Type 1 diabetes (T1D) and multiple sclerosis (MS) are two autoimmune diseases which exhibit a considerably higher incidence in Sardinia compared with the surrounding southern European populations. Surprisingly, a 5-fold increased prevalence of T1D has also been observed in Sardinian MS patients. Susceptibility to both disorders is associated with common variants of the HLA-DRB1 and -DQB1 loci. In this study, we determined the relative contribution of genotype variation of these loci to the co-occurrence of the two disorders in Sardinia. We genotyped 1052 T1D patients and 1049 MS patients (31 of whom also had T1D) together with 1917 ethnically matched controls. On the basis of the absolute risks for T1D of the HLA-DRB1-DQB1 genotypes, we established that these loci would only contribute to a 2-fold increase in T1D prevalence in MS patients. From this evidence, we conclude that shared disease associations due to the HLA-DRB1-DQB1 loci provide only a partial explanation for the observed increased prevalence of T1D in Sardinian MS patients. The data suggest that variation at other non-HLA class II loci, and/or unknown environmental factors contribute significantly to the co-occurrence of these two traits.

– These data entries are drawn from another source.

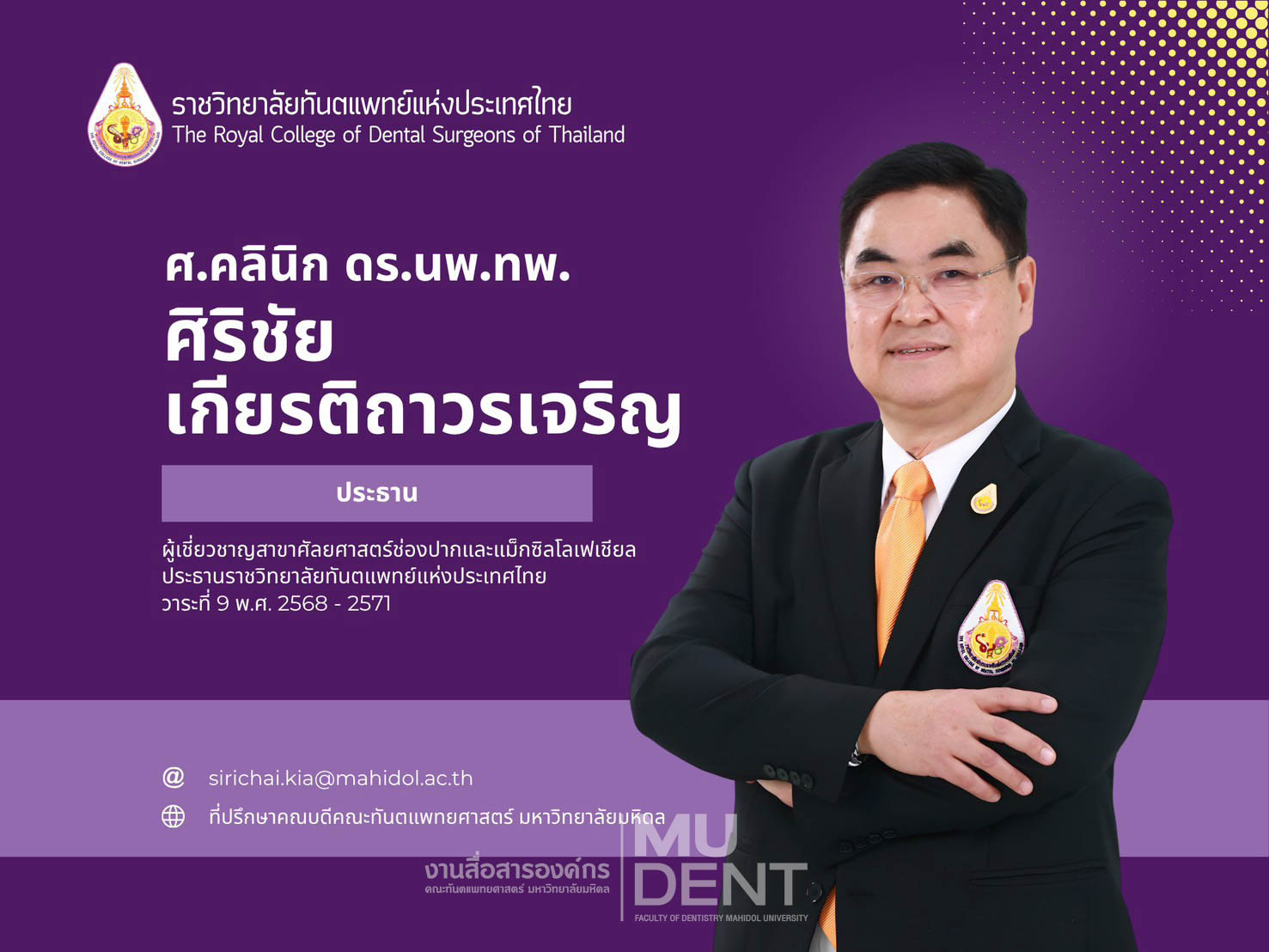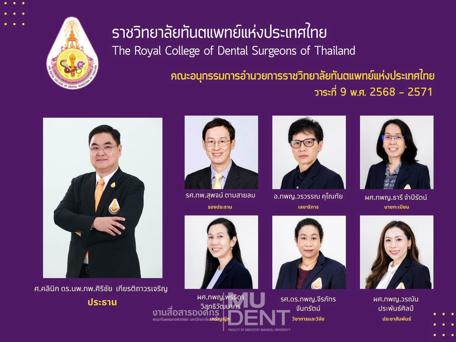 เมื่อวันที่ 19 พฤศจิกายน 2568 ศาสตราจารย์คลินิก ดร. นายแพทย์ ทันตแพทย์ศิริชัย เกียรติถาวรเจริญ ที่ปรึกษาคณบดี และอดีตคณบดีคณะทันตแพทยศาสตร์ มหาวิทยาลัยมหิดล ได้เข้ารับมอบงานในตำแหน่ง ประธานราชวิทยาลัยทันตแพทย์แห่งประเทศไทย วาระที่ 9 (พ.ศ. 2568 – 2571) อย่างเป็นทางการ จาก รองศาสตราจารย์ ดร. ทันตแพทย์ไชยรัตน์ เฉลิมรัตนโรจน์ ประธานราชวิทยาลัยทันตแพทย์แห่งประเทศไทย วาระที่ 8 (พ.ศ. 2565 – 2568) โดยมีคณะอนุกรรมการอำนวยการราชวิทยาลัยฯ ชุดใหม่ เข้ารับมอบภารกิจ และจะเริ่มปฏิบัติหน้าที่อย่างเป็นทางการตั้งแต่วันที่ 26 พฤศจิกายน 2568 เป็นต้นไป
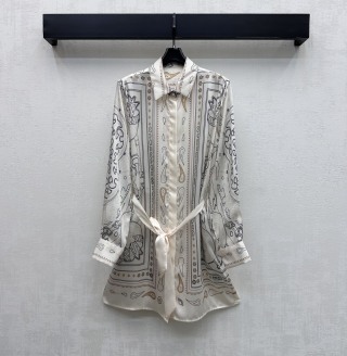 The flowing silk material feels soft, drapes naturally, and is breathable, making it comfortable to wear in various settings. Its detailed print design gives the dress visual interest and a refined style suitable for both casual outings and relaxed vacation wear.
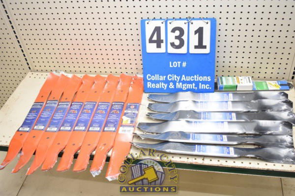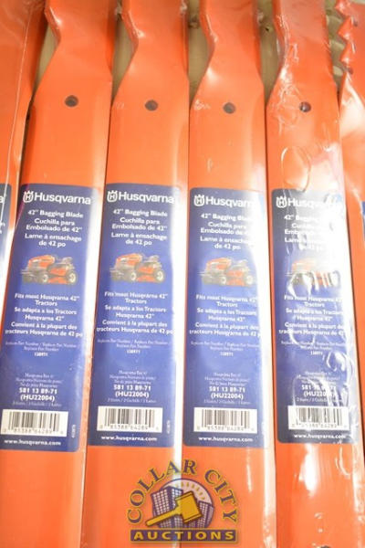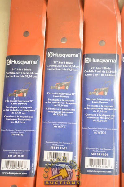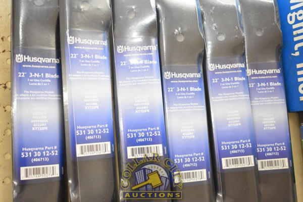 LOT OF ASSORTED HUSQVARNA MOWER AND DE-THATCHING BLADES
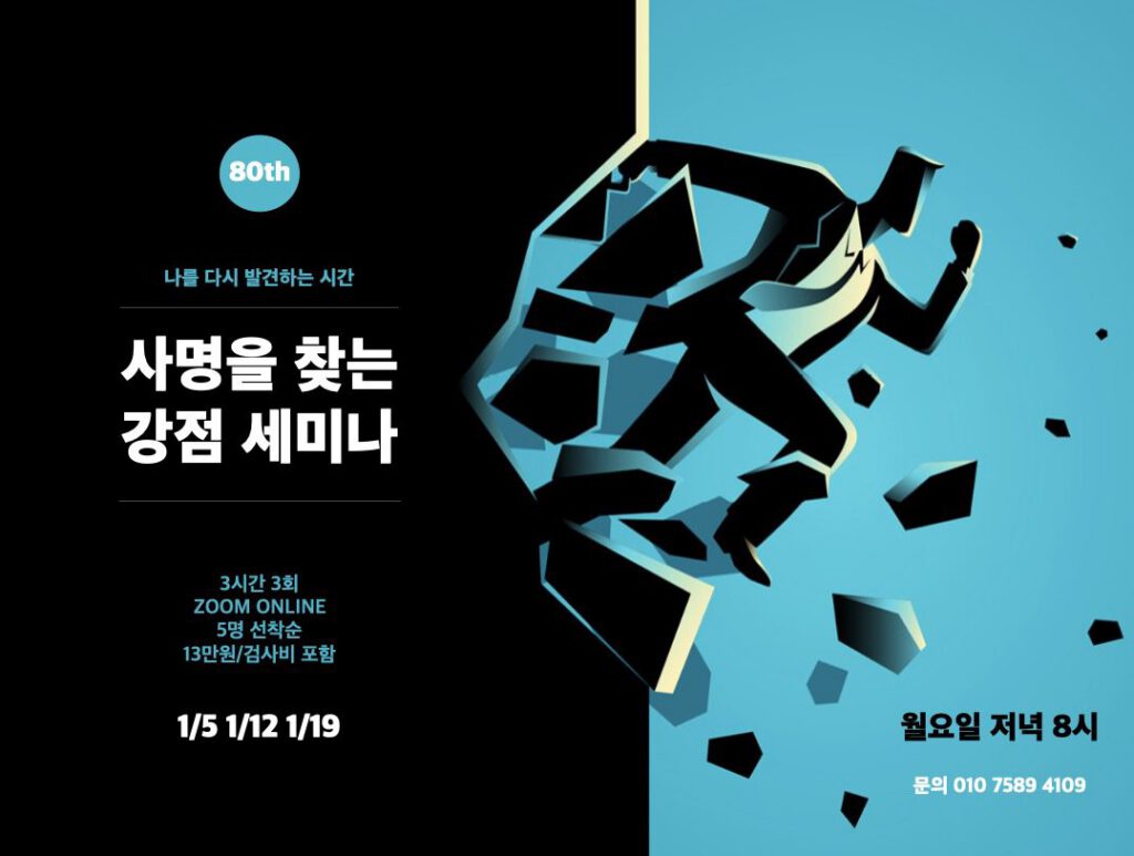 2) 1월 5, 9, 12일 – 80차 사명을 찾는 강점세미나(온라인)
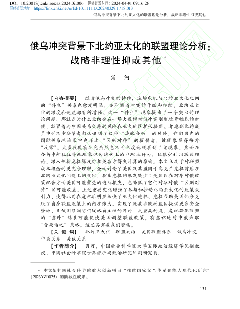 【肖河】【2024】俄乌冲突背景下北约亚太化的联盟理论分析 战略非理性抑或其他-31页
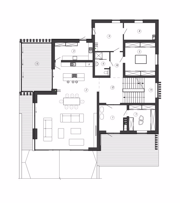 В доме реализована концепция поэтажного зонирования, на первом этаже большая кухня гостиная и технические помещения, на втором этаже три спальни, каждая со своим санузлом и гардеробной.
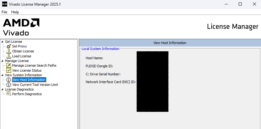 You can then add the Vitis HLS License product (and any other products that you wish). Because the licence is going to be locked to one computer, you will be asked for host information. Back in the Xilinx License Manager you can select ‘View Host Information’ to see your Host Name, the serial number of your main disk drive, and the ID of your network interface.
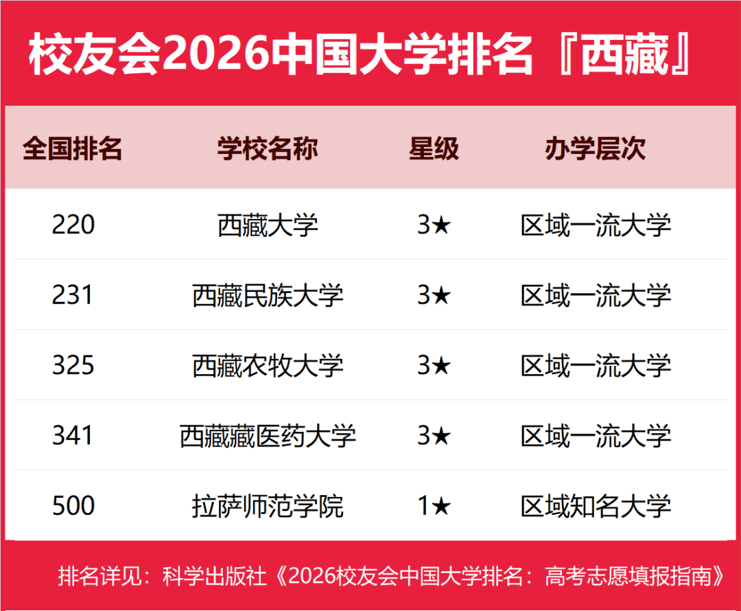 西藏大学问鼎校友会2026西藏自治区大学排名首位
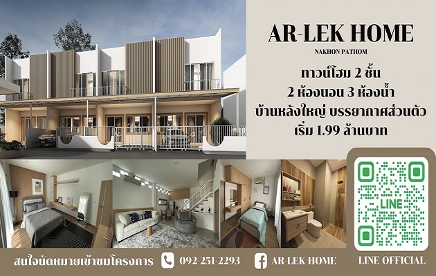ถูกใจสำหรับคนที่อยากมีบ้านสวย ราคาถูก แถมเดินทางสะดวก ไม่ไกลจากกรุงเทพมหานครมากนัก กับโครงการ Ar-Lek Home Nakhon Pathom ทาวน์โฮมหลังใหญ่ สไตล์มินิมอล บรรยากาศส่วนตัว สัมผัสกับบทนิยาม “บ้านเพื่อการพักผ่อน” ตอบโจทย์ทุกคุณภาพความเป็นอยู่ บ้านทาวน์โฮม 2 ชั้น 2 ห้องนอน 3 ห้องน้ำ ราคาเริ่มต้น 1.99-2.99 ล้านบาท เดินทางสะดวกใกล้มหาวิทยาลัยราชภัฏนครปฐม และมหาวิทยาลัยศิลปากร นอกจากนี้ยังใกล้โรงพยาบาลสินเเพทย์ และโรงพยาบาลกรุงเทพสนามจันทร์ เท่านั้นไม่พอ ยังใกล้ห้าง Central นครปฐม แถมยังใกล้จุดขึ้น/ลงมอเตอร์เวย์อีกด้วย
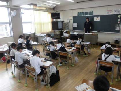 パスを使って画用紙いっぱいに自分の顔を描きました。
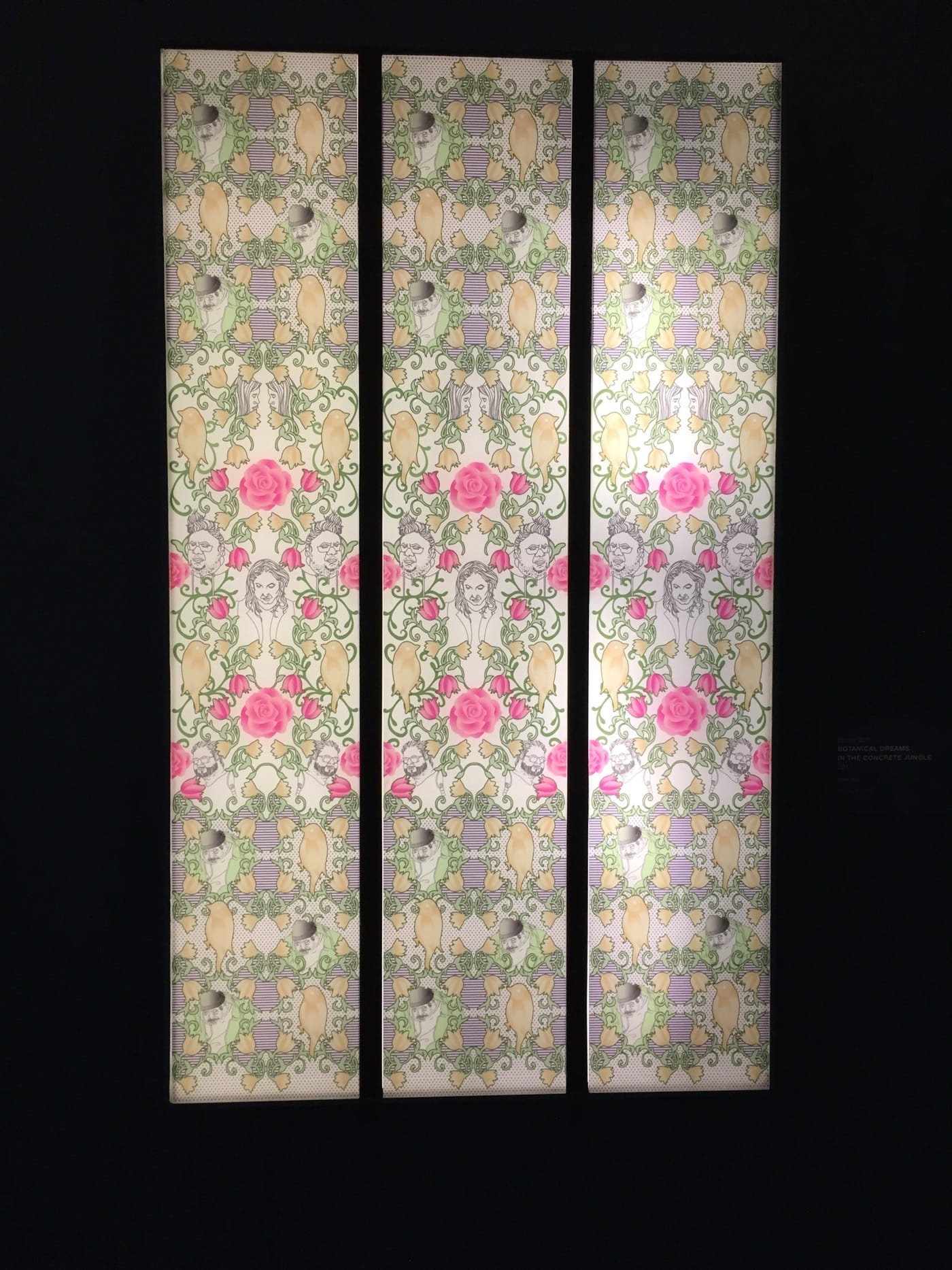 Both Nancy Blum and Ebony Bolt use botanical imagery. Blum focuses on the robustness and bravura of the forms. Bolt relies on the trellis as a backdrop for a wonderland of city characters wearing expressions that endlessly recur. The repeated pattern of the wallpaper simultaneously underscores the gritty reality of her city streets and their beauty. Bolt’s juxtapositions gently tug charm from the most unenticing faces, elevating them, and her latticework holds growth which yields inventive possibility for the city.

Lack of evidence for a role of the myelin basic protein gene in multiple sclerosis susceptibility in Sardinian patients.

A link between myelin basic protein (MBP) polymorphism and multiple sclerosis (MS) has been reported in some populations but not in others. We analysed two polymorphisms in the 5' flanking region of the MBP exon 1 gene in MS patients from the founder population of Sardinia. Using the transmission disequilibrium test (TDT), MBP polymorphisms were analysed in 363 singleton MS families. No distortion in transmission of the tetranucleotide repeat (ATGG)12 and of the 1116-1540 nt alleles was found. Moreover, we discovered no epistatic effect of the MBP gene on the HLA/MHC DRB1,DQB1, DPB1 loci or on alleles defined by D6S1683 marker found to be associated with MS in Sardinians. We concluded that the MBP gene does not play a role in MS susceptibility in Sardinians.